NSW rail policy: more than cooking the books

Jul 28, 2021
Media reports claimed changes to NSW railways artificially inflated State Budget results. Yet ‘cooked books’ are the least of the concerns.


My previous post argued the central problem in transport is dumb ideas – such as pointing motorways to CBDs, or designing rail infrastructure to preclude operational flexibility and curtail access to central city areas. Such stupidity is not redeemable by processes like the business cases, ‘independent’ reviews or cost-benefit analysis we have seen. 


Indeed, the risk is such processes – all behind closed doors – are debauched by pressures to cheer on the great concepts.
The earlier article promised some observations about financial engineering in the rail ‘plan’ for Sydney – in light of media furore that arrangements involving the NSW Transport Asset Holding Entity may misrepresent the State’s financial position.  


One side of the argument has independent observers, including a former Auditor General, claiming the arrangements are a sham; an accounting ‘gimmick’. On the other,
Treasury called those claims ‘a complete fabrication’.   

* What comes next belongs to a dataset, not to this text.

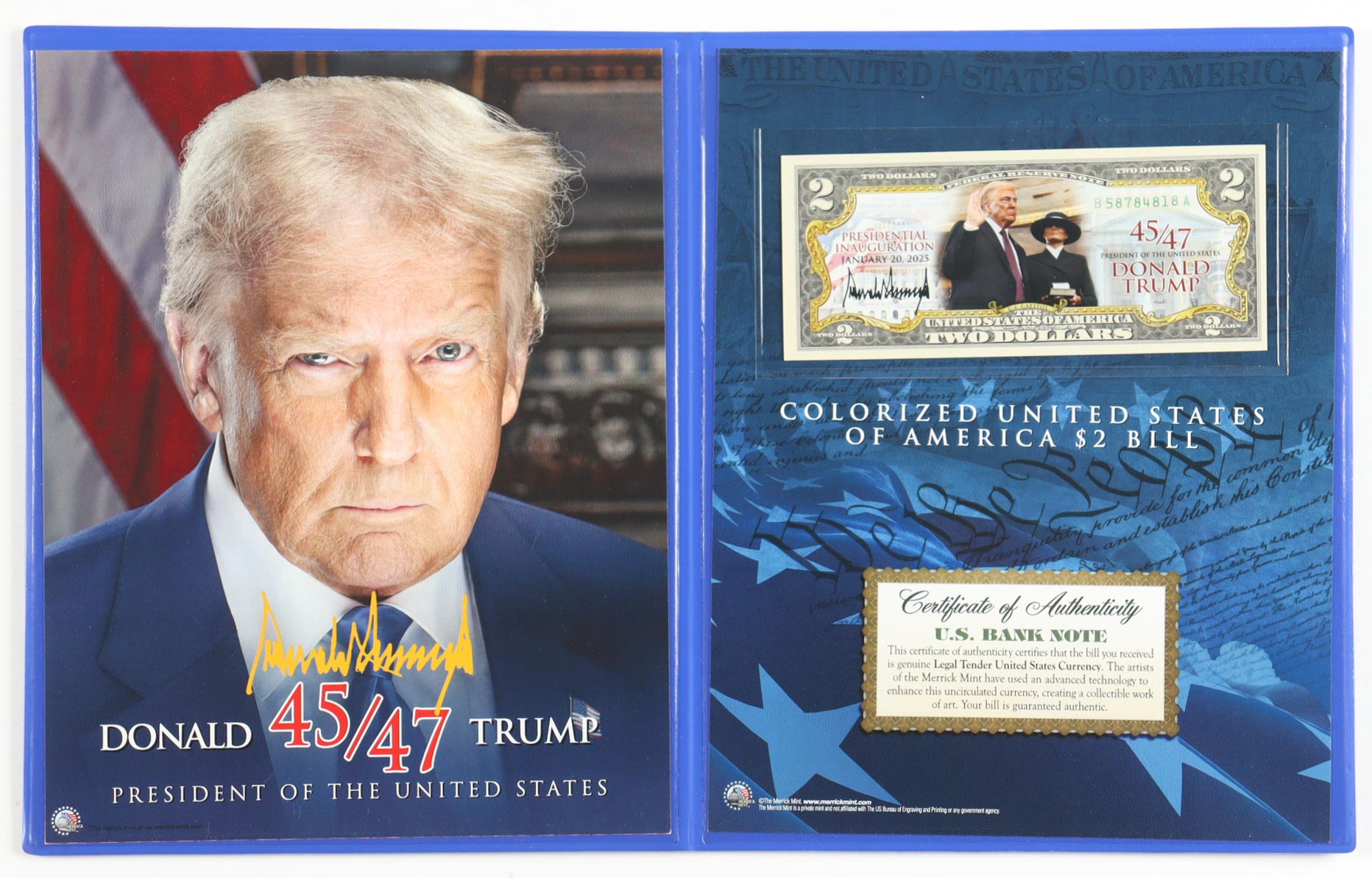 Donald Trump Genuine Legal Tender Colorized U.S. $2 Bill Commemorative Edition Bank Note. Includes folder as shown. Please note, the signature seen is a facsimile.

Amid this: a report from the
NSW Audit Office said the arrangements are a ‘high risk’; absence of any public explanation of what the Entity is supposed to do. Which is great stuff for selling newspapers and smiting political and bureaucratic opponents. But, for transport, it misses the point: real-world effects. It is impossible for observers to identify potential effects – because the available information is so deficient. NSW arrived at this juncture via several steps. 


The first step was to move rail assets – fleet, tracks, stations etc. – from Sydney Trains to Transport for NSW. While Sydney Trains maintained and used the assets it lost some control over them. 
That was done around 2012 – same time, same place, the Sydney Metro idea started. Prior, apart from one notorious exception (below), Sydney Trains’ predecessors owned and controlled the assets.   


An implication: the change is not needed for transport. Reasons behind moving the assets likely include factors not yet mentioned. Among these are prejudice against Sydney’s railway; preparation for rail service franchising and a wish to contract out track maintenance.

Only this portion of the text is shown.